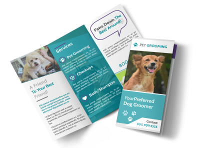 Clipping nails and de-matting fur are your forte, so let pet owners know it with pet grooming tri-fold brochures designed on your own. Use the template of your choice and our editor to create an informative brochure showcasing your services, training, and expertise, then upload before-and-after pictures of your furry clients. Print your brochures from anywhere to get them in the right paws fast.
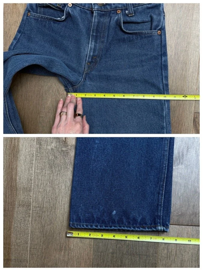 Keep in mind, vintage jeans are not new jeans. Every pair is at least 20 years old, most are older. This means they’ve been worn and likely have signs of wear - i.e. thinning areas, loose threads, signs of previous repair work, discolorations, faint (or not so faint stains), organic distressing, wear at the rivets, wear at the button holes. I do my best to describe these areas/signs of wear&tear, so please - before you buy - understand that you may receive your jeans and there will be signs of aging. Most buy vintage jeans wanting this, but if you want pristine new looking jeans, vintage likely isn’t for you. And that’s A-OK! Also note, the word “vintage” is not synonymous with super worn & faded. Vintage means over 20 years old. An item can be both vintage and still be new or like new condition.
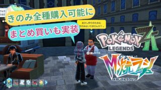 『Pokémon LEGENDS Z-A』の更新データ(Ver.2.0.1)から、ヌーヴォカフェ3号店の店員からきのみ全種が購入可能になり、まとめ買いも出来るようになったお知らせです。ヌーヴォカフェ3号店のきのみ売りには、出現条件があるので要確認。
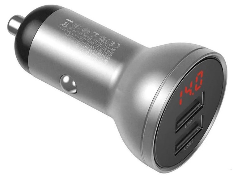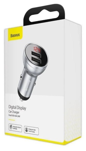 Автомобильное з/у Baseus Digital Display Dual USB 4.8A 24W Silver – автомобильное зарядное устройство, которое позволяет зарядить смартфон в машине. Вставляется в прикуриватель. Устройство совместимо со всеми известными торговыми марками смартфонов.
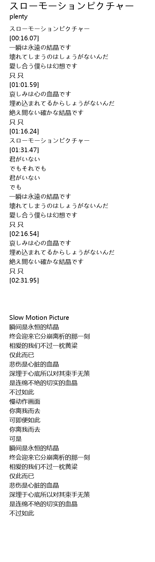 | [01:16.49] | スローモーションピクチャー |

************

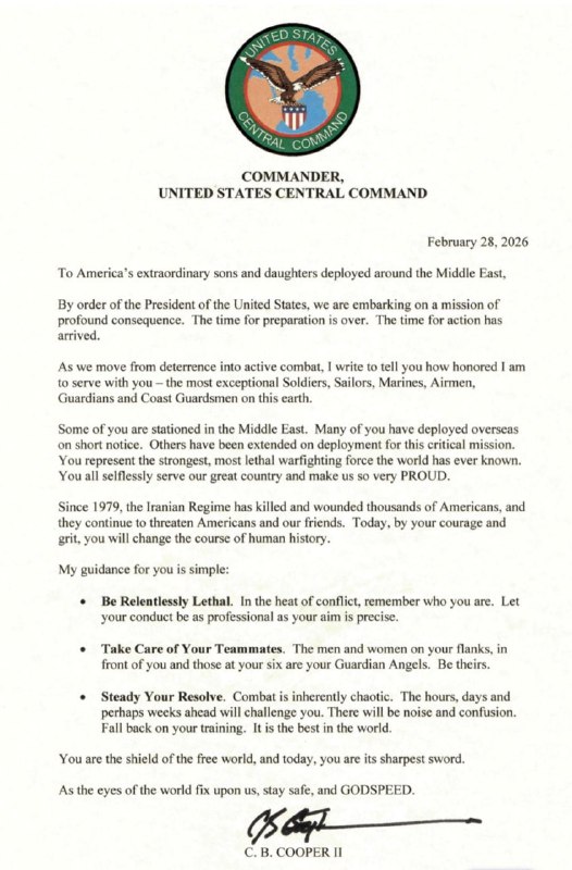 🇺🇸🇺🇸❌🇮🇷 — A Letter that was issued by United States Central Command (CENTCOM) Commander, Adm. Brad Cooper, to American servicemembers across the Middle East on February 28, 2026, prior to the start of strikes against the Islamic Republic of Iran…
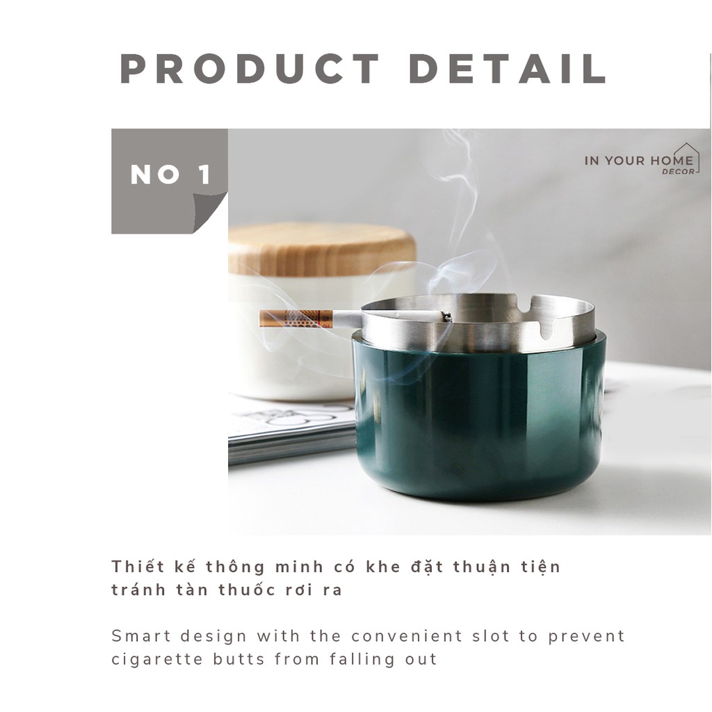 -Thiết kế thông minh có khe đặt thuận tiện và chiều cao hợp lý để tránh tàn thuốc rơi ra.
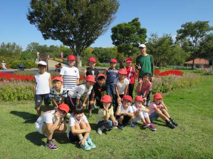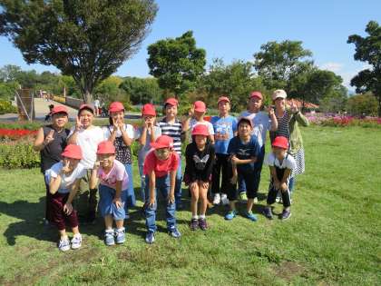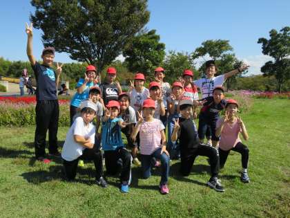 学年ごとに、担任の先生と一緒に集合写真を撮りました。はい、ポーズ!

************

**What the task asks**. Where a picture appears in the records above, omit it, and transcribe exactly the stretch of lines from the one with "-Thiết kế thông" through the one with "学年ごとに、担任の先生と一緒に集合写真を撮りました。はい、ポーズ!".

**Answer box**.
 -Thiết kế thông minh có khe đặt thuận tiện và chiều cao hợp lý để tránh tàn thuốc rơi ra.
 学年ごとに、担任の先生と一緒に集合写真を撮りました。はい、ポーズ!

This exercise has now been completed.